String literals with multiple lines#
print("""\
Usage: thingy [OPTIONS]
-h Display this usage message
-H hostname Hostname to connect to
""")
Usage: thingy [OPTIONS]
-h Display this usage message
-H hostname Hostname to connect to
\ character removes the initial newline.
Strings can be concatenated (glued together) with the + operator, and repeated with *
3 * ("Re" + 2 * 'n' + 'es ')
'Rennes Rennes Rennes '
Two or more string literals next to each other are automatically concatenated.
text = ('Put several strings within parentheses '
'to have them joined together.')
text
'Put several strings within parentheses to have them joined together.'
Strings can be indexed, with the first character having index 0. There is no separate character type; a character is simply a string of size one
word = 'Python @ ENSAI'
print(word[0]) # character in position 0
print(word[5]) # character in position 5
P
n
Indices may also be negative numbers, to start counting from the right
print(word[-1]) # last character
print(word[-2]) # second-last character
I
A
Slicing Strings#
Omitted first index defaults to zero,
Omitted second index defaults to the size of the string being sliced.

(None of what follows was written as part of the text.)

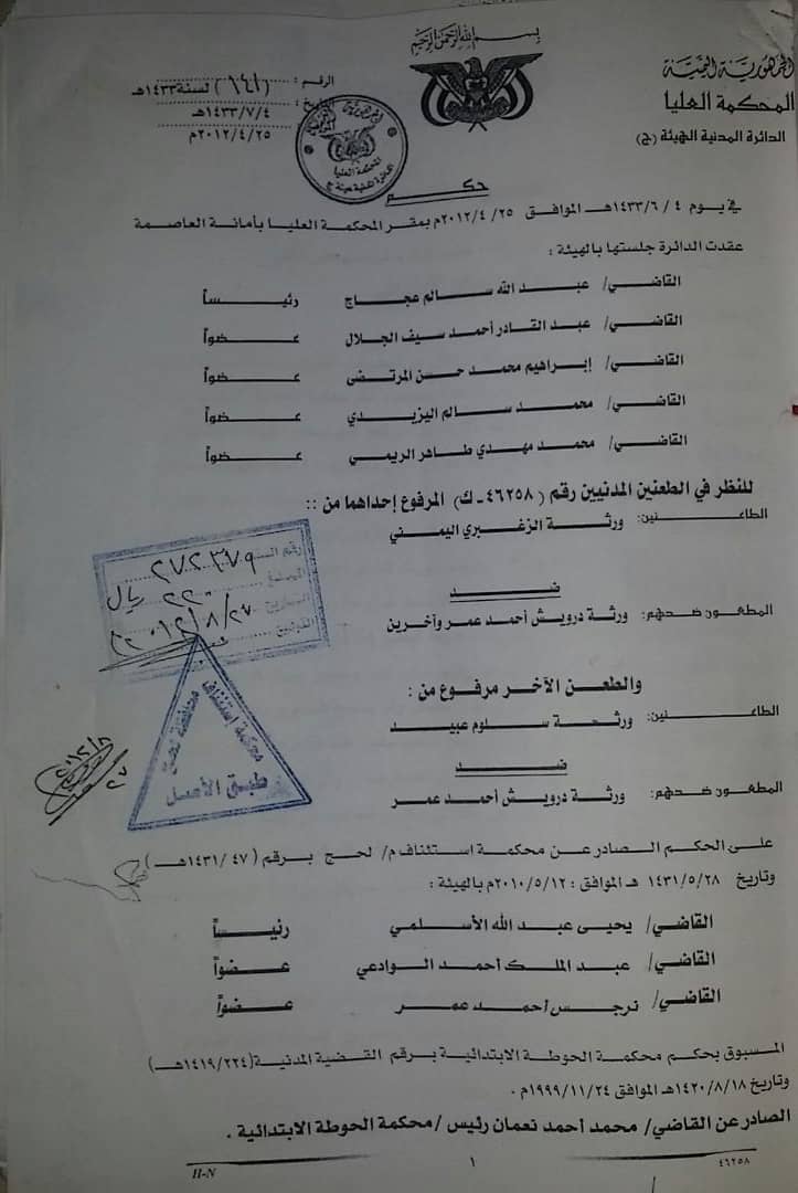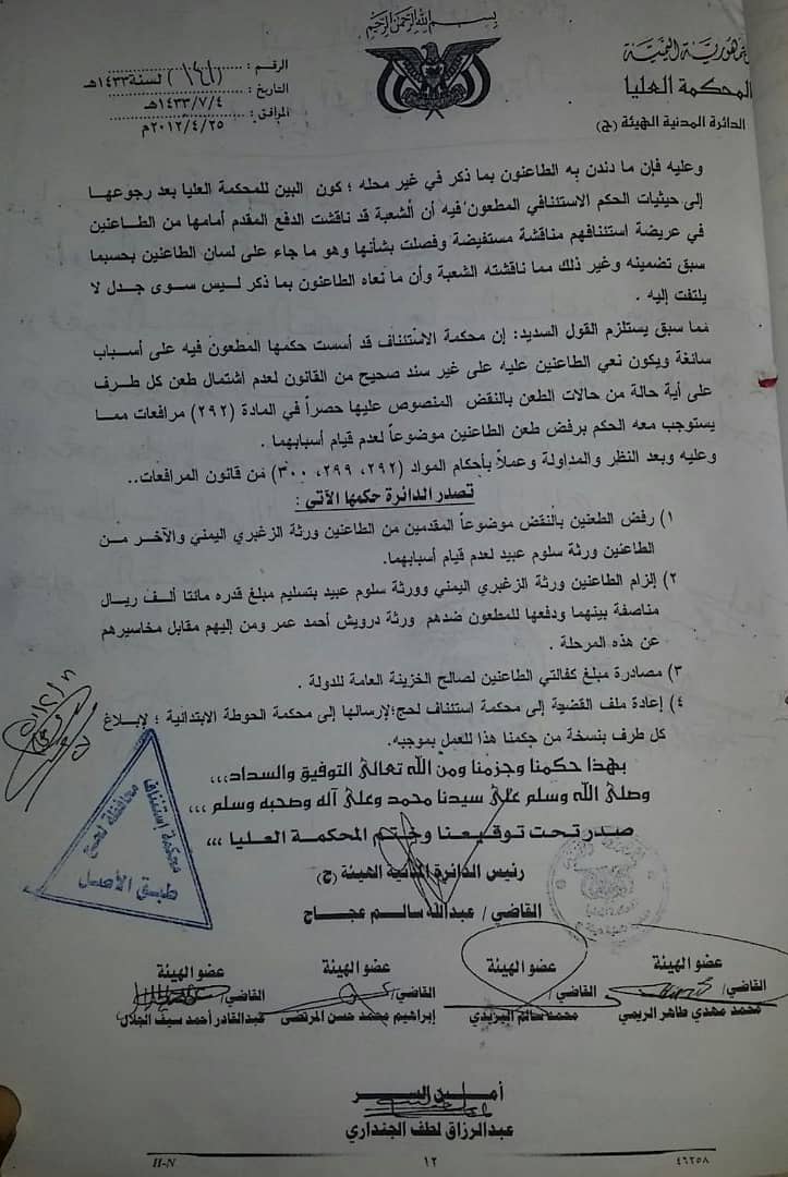 2012/4/25 م بصدور حكم محكمة عليا مؤيد للحكميين الابتدائي والاستئنافي.

Step can be set with the third index
print(word[:2]) # character from the beginning to position 2 (excluded)
print(word[4:]) # characters from position 4 (included) to the end
print(word[-2:]) # characters from the second-last (included) to the end
print(word[::-1]) # This is the reversed string!
Py
on @ ENSAI
AI
IASNE @ nohtyP
word[::2]
'Pto NA'
Python strings cannot be changed — they are immutable. If you need a different string, you should create a new or use Lists.
import sys
try:
word[0] = 'J'
except:
print(sys.exc_info()[0])
<class 'TypeError'>
## Some string methods
print(word.startswith('P'))
True
print(*("\n"+w for w in dir(word) if not w.startswith('_')) )
capitalize
casefold
center
count
encode
endswith
expandtabs
find
format
format_map
index
isalnum
isalpha
isascii
isdecimal
isdigit
isidentifier
islower
isnumeric
isprintable
isspace
istitle
isupper
join
ljust
lower
lstrip
maketrans
partition
removeprefix
removesuffix
replace
rfind
rindex
rjust
rpartition
rsplit
rstrip
split
splitlines
startswith
strip
swapcase
title
translate
upper
zfill
Exercise#
Ask user to input a string.
Print out the string length.
Check if the last character is equal to the first character.
Check if this string contains only letters.
Check if this string is lower case.
Check if this string is a palindrome. A palindrome is a word, phrase, number, or other sequence of characters which reads the same backward as forward.